Droit des sociétés : des outils plus performants pour les entreprises

Il y a différentes manières de regarder le droit. On peut le faire comme un juriste. Dans ce cas, on se plonge dans une discipline, une science, une tradition qui a ses modes de raisonnement, ses procédures, son fonctionnement, sa rigueur et bien d’autres choses encore. C’est l’affaire des professionnels du droit. On peut aussi regarder le droit comme citoyen. Dans ce cas, on souhaite qu’il trace les cadres de la vie en société, qu’il protège nos droits essentiels, qu’il soit compréhensible et disponible quand on en a besoin. Enfin, on peut le regarder comme un entrepreneur. Le droit m’aide-t-il à développer mon entreprise ou est-il un frein ? Dois-je avoir à l’esprit les risques juridiques ou les opportunités ? Qu’est-ce qui est important et que je dois savoir et surveiller ? Qu’est-ce que je peux déléguer à mes collaborateurs ou à mon avocat ?

Philippe Lambrecht, ADMINISTRATEUR-SECRÉTAIRE GÉNÉRAL
08 novembre 2017

En tant qu’entrepreneur, je dois en tout cas m’intéresser à la façon dont mon entreprise est structurée. Si j’agis en tant que personne physique, mon entreprise s’identifie à moi. Si je crée une société, je devrai bien en choisir la forme, savoir si j’aurai des associés, comprendre les règles de décision dans ma société, savoir quelles sont mes responsabilités comme actionnaire, comme administrateur, comme délégué à la gestion journalière, etc. Je devrai aussi m’intéresser au droit fiscal, au droit social et à bien d’autres questions juridiques tant l’activité humaine est aujourd’hui régie par une multitude de dispositions légales et réglementaires.

Plus le droit des sociétés sera attentif aux nécessités multiples de la vie des affaires, plus son utilité sera grande pour la collectivité. Si le droit des sociétés est un outil performant, il facilite le développement économique.

C’est la raison pour laquelle notre droit des sociétés mérite d’être adapté au XXIe siècle. Une société qui change doit pouvoir compter sur des structures juridiques performantes et attractives. C’est pour cette raison que je consacre ces quelques lignes au projet de nouveau Code des sociétés et associations.

Ce projet veut tout d’abord simplifier la matière. On prévoit donc un Code commun pour toutes les entreprises, qu’elles soient organisées en sociétés ou en associations. Ces dernières pourront exercer les mêmes activités économiques que les sociétés, mais seules les sociétés pourront distribuer des dividendes à leurs actionnaires, tandis que les bénéfices des associations devront être consacrés intégralement à la réalisation de leur but, sans possibilité de distribution.

Un grand effort a également été fait pour supprimer les règles que le droit européen imposait aux seules sociétés anonymes, mais que nous avions malheureusement rendues applicables également aux SPRL et aux SCRL. Deux autres axes de simplification sont également prévus. D’une part, on regroupe les différentes formes de sociétés existantes autour de la société simple, de la société privée (SRL), de la société anonyme (SA) et de la société coopérative (SC). D’autre part, le projet limite le nombre de sanctions pénales aux vraies infractions de cette nature, tout en responsabilisant les acteurs économiques sur le plan des sanctions civiles.

Ensuite, le futur Code entend favoriser une organisation flexible des sociétés, en prévoyant des règles de base, dites règles par défaut, auxquelles les statuts peuvent déroger, tout en veillant à respecter les intérêts des tiers, en particulier ceux des créanciers.

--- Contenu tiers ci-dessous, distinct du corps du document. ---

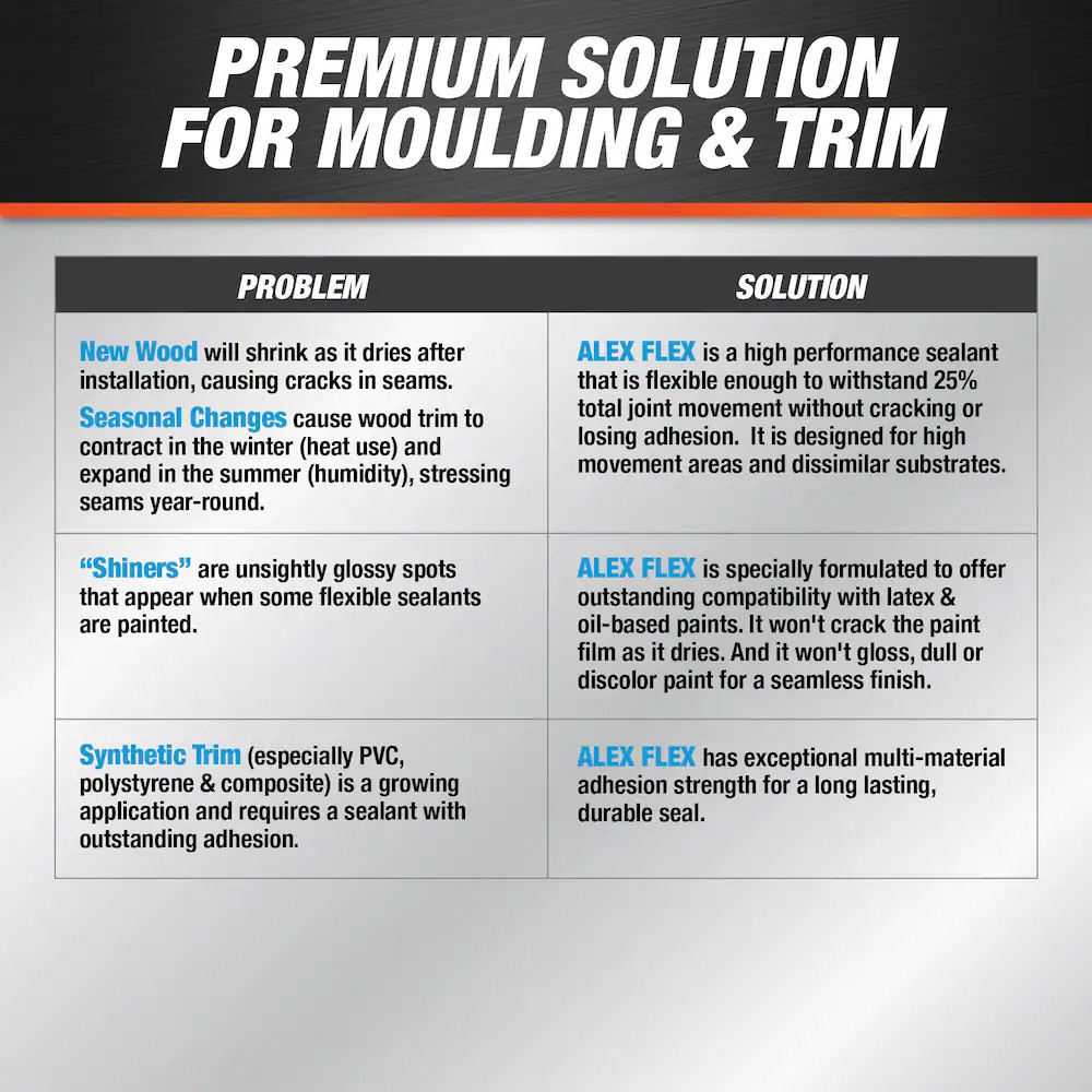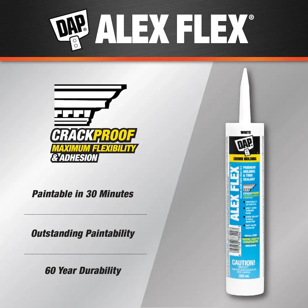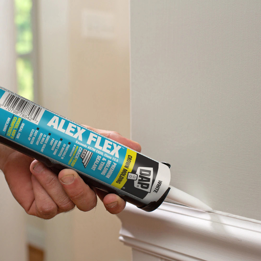 DAP® ALEX FLEX™ premium molding and trim sealant is specifically formulated for use on molding and trim applications. It delivers maximum adhesion and flexibility for a crack proof seal.

Enfin, le Code vise à renforcer l’attractivité du droit belge des sociétés dans le marché européen. Il est clair que la concurrence entre les États de l’Union européenne pour offrir un régime d’établissement attrayant aux entreprises s’est renforcée en même temps que se développait la jurisprudence de la Cour européenne de Justice, qui a promu la mobilité des entreprises. À l’avenir, une société se verra appliquer le droit belge des sociétés si son siège statutaire est en Belgique, alors que jusqu’à présent une société ne pouvait être belge que si son siège réel était situé en Belgique. À l’heure du numérique, cette théorie du siège réel nous déforce par rapport aux nombreux pays européens qui ont opté pour le siège statutaire.

Dans les mois qui viennent, dès qu’il aura été adapté aux remarques du Conseil d’État, le projet sera soumis au Parlement, dans l’espoir de le voir adopté au cours du premier semestre 2018. Il s’agit d’une réforme ambitieuse, de nature à replacer notre droit des sociétés et associations dans la liste des droits attractifs en Europe. Il est donc juste que nous la soutenions, puisqu’elle vise à rendre l’organisation et le fonctionnement de nos entreprises plus modernes, plus logiques et plus flexibles.